Numa noite de lua nova, nasceu o primeiro filho da única filha do

Rom Barô (chefe cigano). Depois que o menino foi apresentado, o avô

ficou em sua tenda e calculou seu mapa natal. Quando o mapa ficou

pronto e desenhado, Rom Barô entrou na floresta e lá permaneceu em

silêncio e jejum por três noites e três dias. Voltou para sua tenda muito

abatido e sujo. Todos estavam preocupados com Rom Barô, que era um

homem muito sábio e justo.

Sua filha foi procurá-lo e perguntou “Pai, fiz algo errado? O senhor

está decepcionado com o seu neto?”.

O velho, que tinha agora o peso do mundo nos ombros, abraçou a

filha e chorou longamente. Depois os dois comeram em silêncio. A filha

amamentou seu filho na tenda do pai, para que ele visse seu neto.

O avô olhava para o neto com os olhos ternos, mas todas as

tristezas do mundo estavam naqueles olhos. Depois que o pequeno

mamou, pegou a criança no colo e viu o quão bela e perfeita era. Por fim

disse: “Meu neto é muito calmo e muito bonito”.

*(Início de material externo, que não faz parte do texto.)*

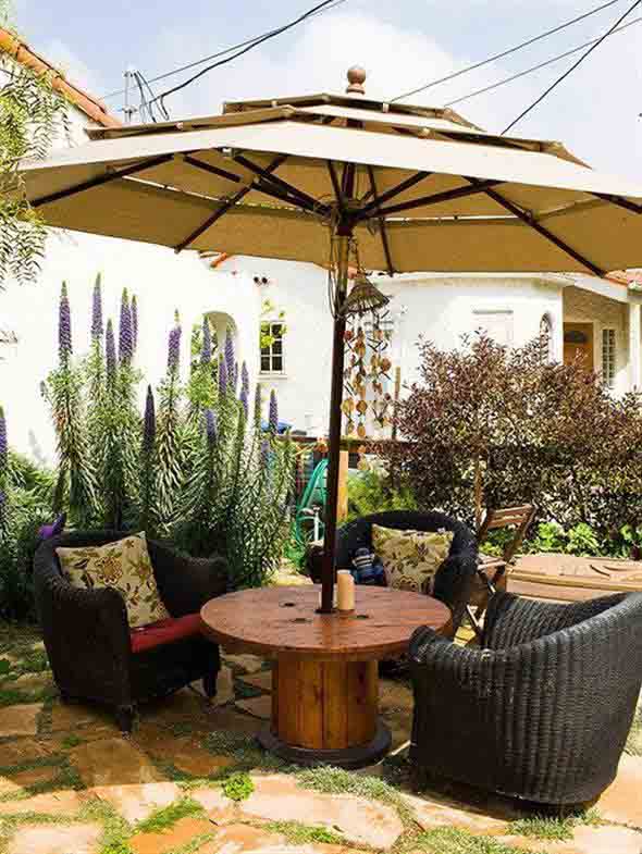 E na sua casa você pode encontrar um local ideal para uso de mesas e bancos feitos com carretel de madeira.

A filha perguntou: “Por que o senhor está tão triste com o

nascimento do seu primeiro neto?”,

Rom Barô respondeu “Na noite que ele nasceu, cheio de alegria,

fiz os cálculos de seu mapa natal e tracei o caminho das estrelas. Meu

neto será um grande homem. Bom. Justo. Inteligente. Poderá realizar

tudo o que quiser e terá uma vida muito rica. Nunca tinha visto um mapa

de vida tão plena. É por esta razão que estou tão triste”.

A filha não compreendeu: “O senhor está triste porque seu neto

terá uma vida plena?”.

“Filha, toda a pessoa que tem uma vida rica e plena também

carrega o fardo de grandes sofrimentos e muita dor. Não se pode atingir

a grandeza d’alma sem que se sofra longamente”.

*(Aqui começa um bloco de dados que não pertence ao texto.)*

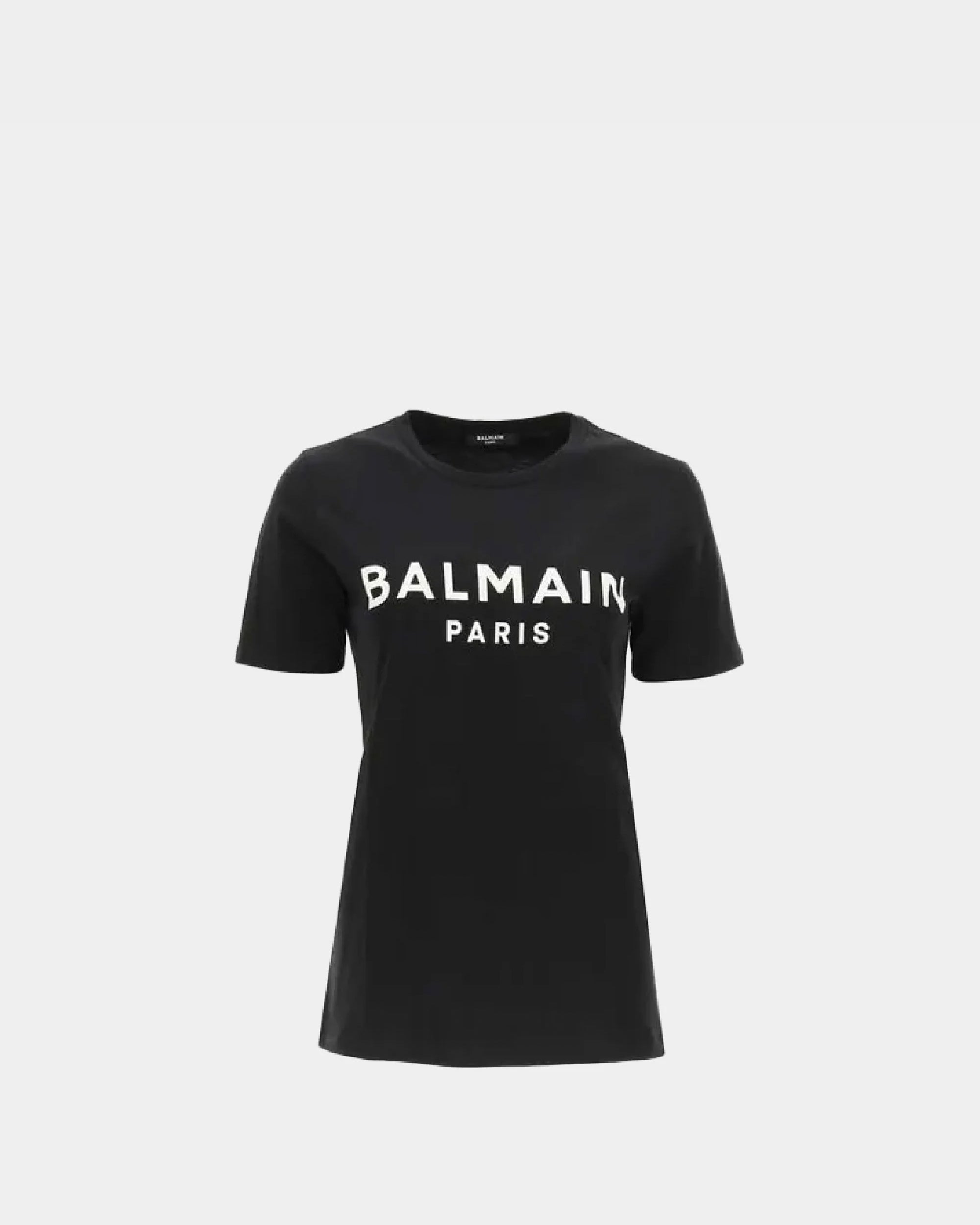 Balmain 的 T 恤展現了品牌對 logo 迷戀的風格。這款圓領款式在胸前印有法國品牌的標誌,對比字母更加突顯其設計。
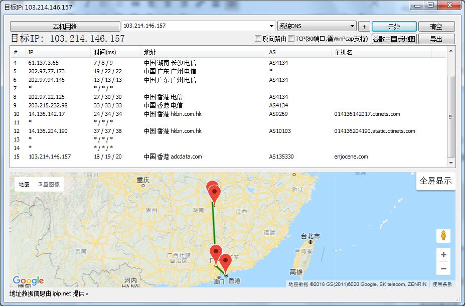 | 联通线路 | 11 | 广东深圳天威视讯(联通) 22.5 毫秒 | 辽宁沈阳铁通 75.9 毫秒 | 46.6 毫秒 |

Desde que ouvi esta estória mudei minha forma de ver todas as

ferramentas de autoconhecimento que temos a nossa disposição. A minha

percepção dos desafios foi completamente alterada.

Posso utilizar a astrologia, o tarô, eneagrama, os sete raios,

numerologia, runas, reencarnação, quiromancia, e até mesmo, a psicanálise

como instrumento de justificativa de algum comportamento. Todos fazemos

isso. Também já ouvimos: “Fulano fez isso porque é de Áries”, quando alguém

um pouco mais afoito, além de muito mal-educado, nos ofende ou afronta.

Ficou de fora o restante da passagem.